Yep - don't think you can escape from me here! I'll report back tomorrow 😉


----------



## 4085 (Nov 23, 2012)

@Grimley..........good lord, there is a name from the past! Welcome back matey, to this forum, and you have got younger! Still just the happy place it always was!


----------



## The Systemic Kid (Nov 23, 2012)

Grimley said:


> Yep - don't think you can escape from me here! I'll report back tomorrow 😉


 Hope you didn't get the growth hormones via Ebay😀😀

Welcome back stranger.


----------



## Stox (Jul 19, 2020)

Here's a search link you could try - it returns just one result:

http://coffeediff.co.uk/coffee-beans?roast=|EXTRA_LIGHT|

(Following the link I'm not sure that you get coffee beans in that bag; it looks like it's actually an infusion of some sort!)

Of course these designations are entirely up to the roaster; the following gets rather more (95) results:

http://coffeediff.co.uk/coffee-beans?roast=|LIGHT|

It looks like the coffeediff site depends on whatever information it scrapes off the individual roaster's websites, so it can still miss stuff, but it's the most comprehensive search site I have found.


----------



## Blue_Cafe (Jun 22, 2020)

Looking around today, Starbucks Blond seems to be the lightest bean on the shelves?

Not sure if this helps, mind...


----------



## Chainlinephil (Apr 5, 2020)

I assume you mean blend then and not an SO?

Sent from my iPhone using Tapatalk


----------



## Grimley (Jan 18, 2015)

Sorry I did go to the supermarket yesterday. Picked these 2 up. in fact I've been to Waitrose, Sainsburys & Morrisons to find a light roast coffee & these are the lightest as regards beans. Waitrose do a strength '2' whatever that means but that was ground coffee.
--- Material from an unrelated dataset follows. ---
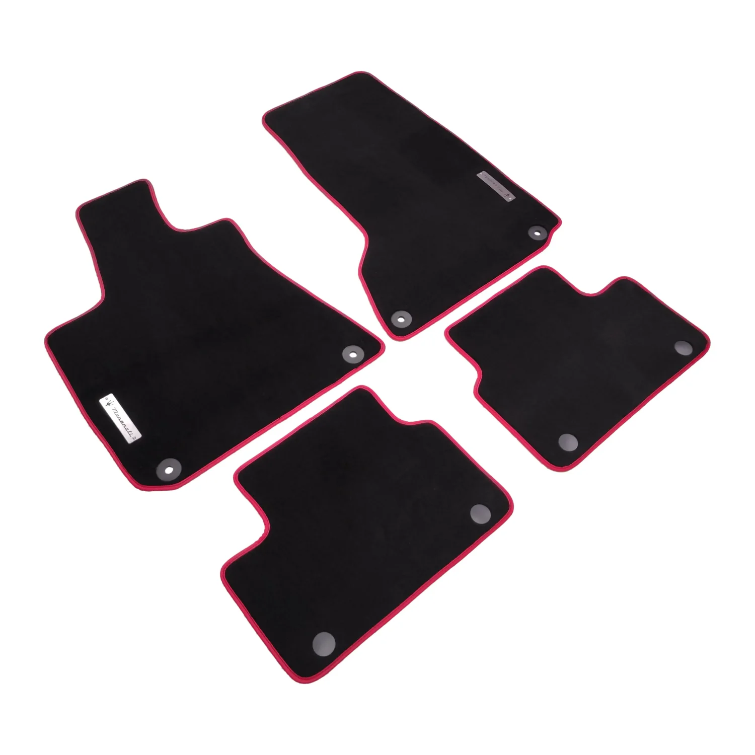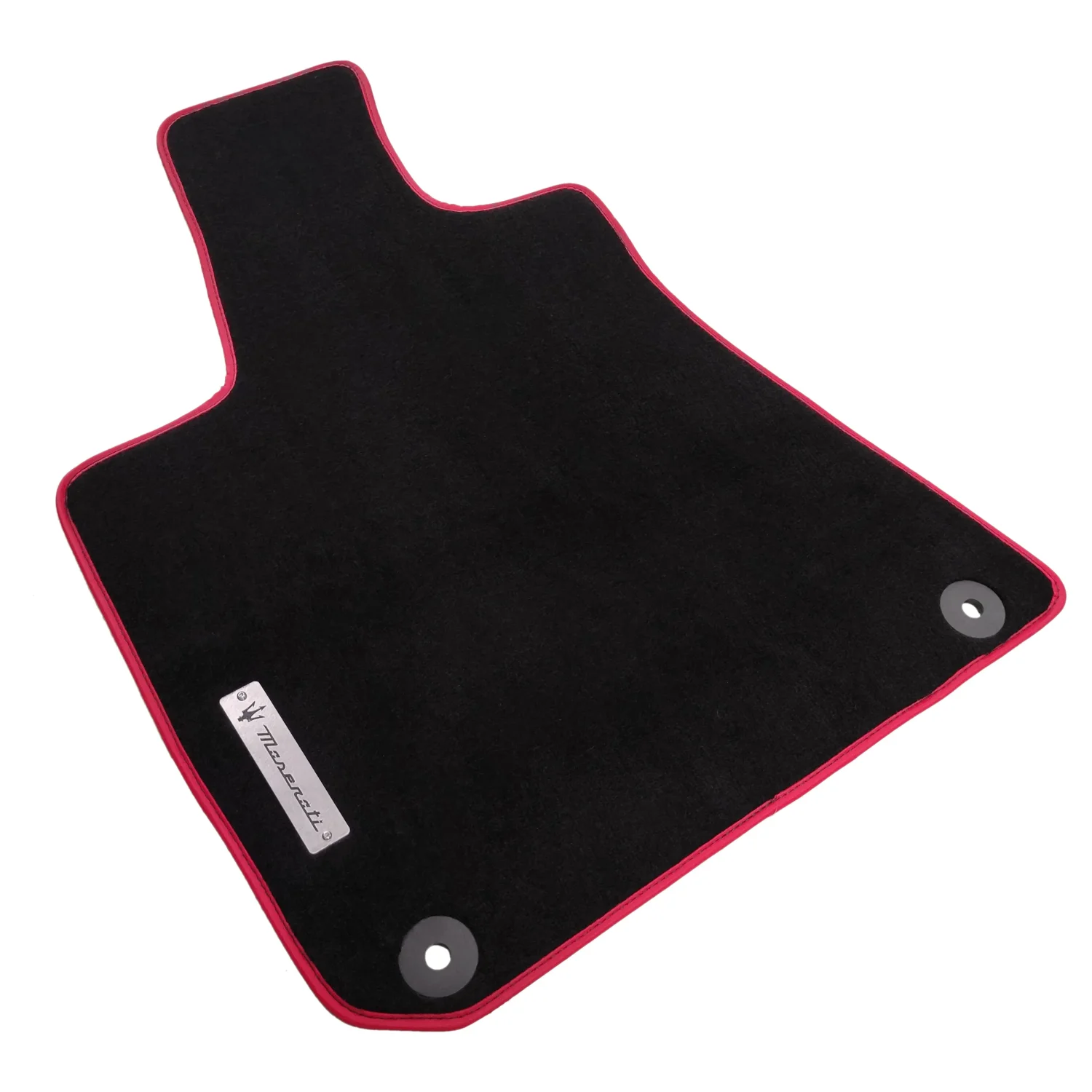 For example, the Maserati Ghibli floor mats below are made of black velour carpet and finished with red edges. This custom design visually complements the car’s red leather seats and black floor carpet. This is just one example. You can customize velour mats for your car using the options in our catalog.

I took the beans out for a photo the kenyan is on the left & the DR congo is on the right. Dunno about you, but they don't look like a medium roast to me.


----------



## tsouthwell (Jul 17, 2020)

Grimley said:


> Sorry I did go to the supermarket yesterday. Picked these 2 up. in fact I've been to Waitrose, Sainsburys & Morrisons to find a light roast coffee & these are the lightest as regards beans. Waitrose do a strength '2' whatever that means but that was ground coffee. I took the beans out for a photo the kenyan is on the left & the DR congo is on the right. Dunno about you, but they don't look like a medium roast to me.
> 
> View attachment 44335
> 
> ...


 That's the darkest 'Medium' I've ever seen


----------



## Drewster (Dec 1, 2013)

Grimley said:


> View attachment 44336


 I'd concede that RHS looks "lighter roast" than LHS.

But only in the sense that charcoal is "less burnt" than ash........


----------



## Stu Beck (May 31, 2020)

Grimley said:


> Sorry I did go to the supermarket yesterday. Picked these 2 up. in fact I've been to Waitrose, Sainsburys & Morrisons to find a light roast coffee & these are the lightest as regards beans. Waitrose do a strength '2' whatever that means but that was ground coffee. I took the beans out for a photo the kenyan is on the left & the DR congo is on the right. Dunno about you, but they don't look like a medium roast to me.
> 
> View attachment 44335
> 
> ...


 I used to buy those Kenyan beans and think I was proper sophisticated 🙄


----------



## winterlight (Feb 27, 2016)

That Congo coffee is actually a noticeable step above the rest of Waitrose's No.1 range - I can see why they charge a bit more for it.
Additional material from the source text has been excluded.